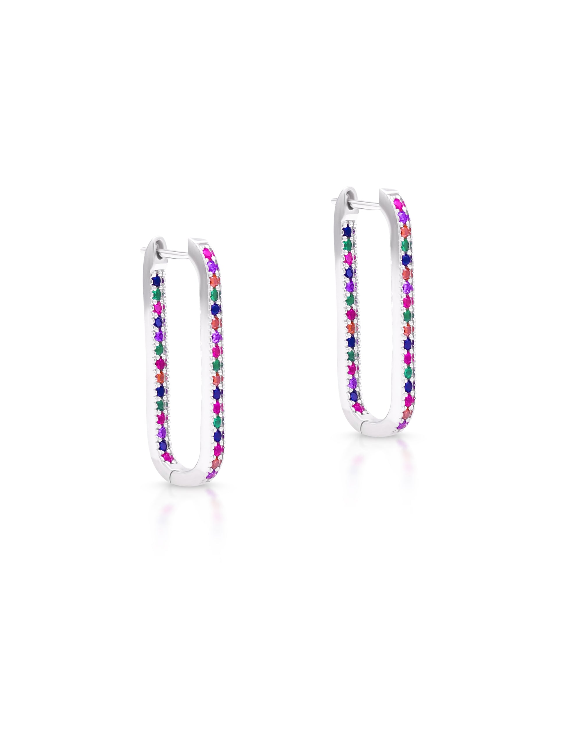 Add a touch of color and elegance to your everyday look with these Multi-Color Stone Rectangle Hoop Earrings. Designed in a modern rectangular shape, these lightweight hoops are crafted with premium silver plating and lined with vibrant multi-colored stones for a stylish finish.
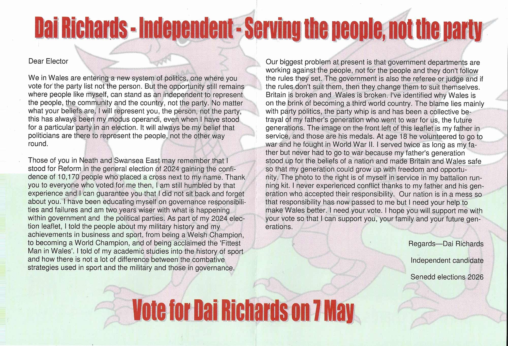 2026 SENEDD ELECTION - BRYCHEINIOG TAWE NEDD CANDIDATE INFORMATION DAI RICHARDS INDEPENDENT |
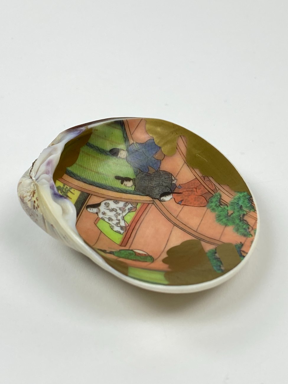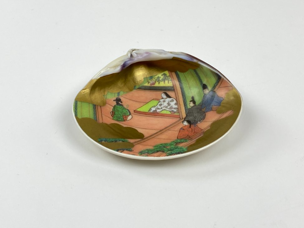 Japoniška Kai – awase žaidimo kriauklė, dekoruota piešiniu.
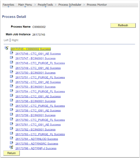 Multiple processes can be combined into a JobSet. In order to review the details of how each process within your JobSet ran, you must first select the link under the Process Name column. After a job is submitted using the Process Scheduler Request page or your scheduled job is triggered, use Process Monitor to review the status of scheduled or running processes.
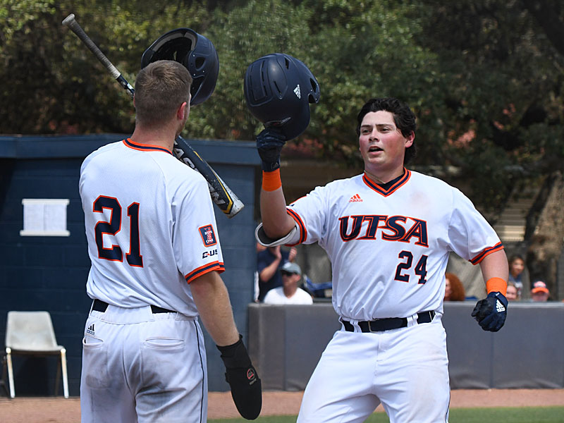 Ryan Flores home run. UTSA beat UAB 12-2 on Saturday, May 21, 2022, at Roadrunner Field in the final game of the Conference USA baseball regular season. – photo by Joe Alexander
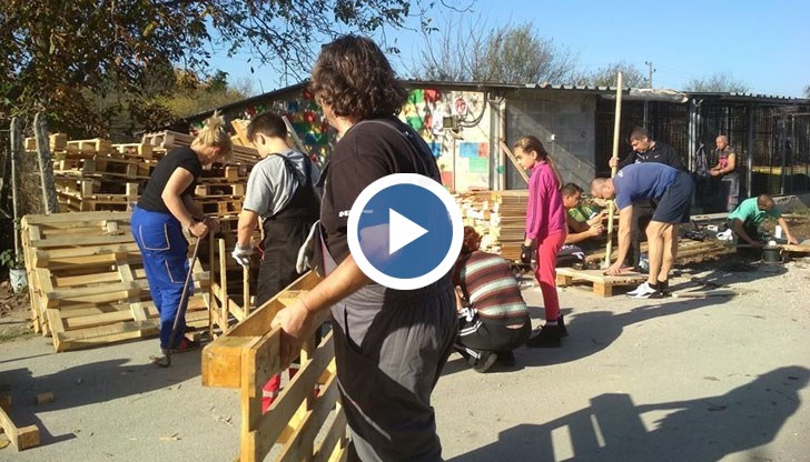 Разпределени на екипи, около 30 доброволци превърнаха стари дървени палети в кучешки колибки, информира NOVA. В тях ще бъдат настанени кучетата, за които няма подслон в приюта или пак тези, чийто колибки вече са остарели. Една част от доброволците помагаха с майсторлък, друга част - с идеи.

PROBLEM DESCRIPTION ->
Your task is to transcribe exactly the lines from the one containing "Ryan Flores home" through the final line of the entries above, pictures excluded.

WRITTEN RESPONSE ->
 Ryan Flores home run. UTSA beat UAB 12-2 on Saturday, May 21, 2022, at Roadrunner Field in the final game of the Conference USA baseball regular season. – photo by Joe Alexander
 Разпределени на екипи, около 30 доброволци превърнаха стари дървени палети в кучешки колибки, информира NOVA. В тях ще бъдат настанени кучетата, за които няма подслон в приюта или пак тези, чийто колибки вече са остарели. Една част от доброволците помагаха с майсторлък, друга част - с идеи.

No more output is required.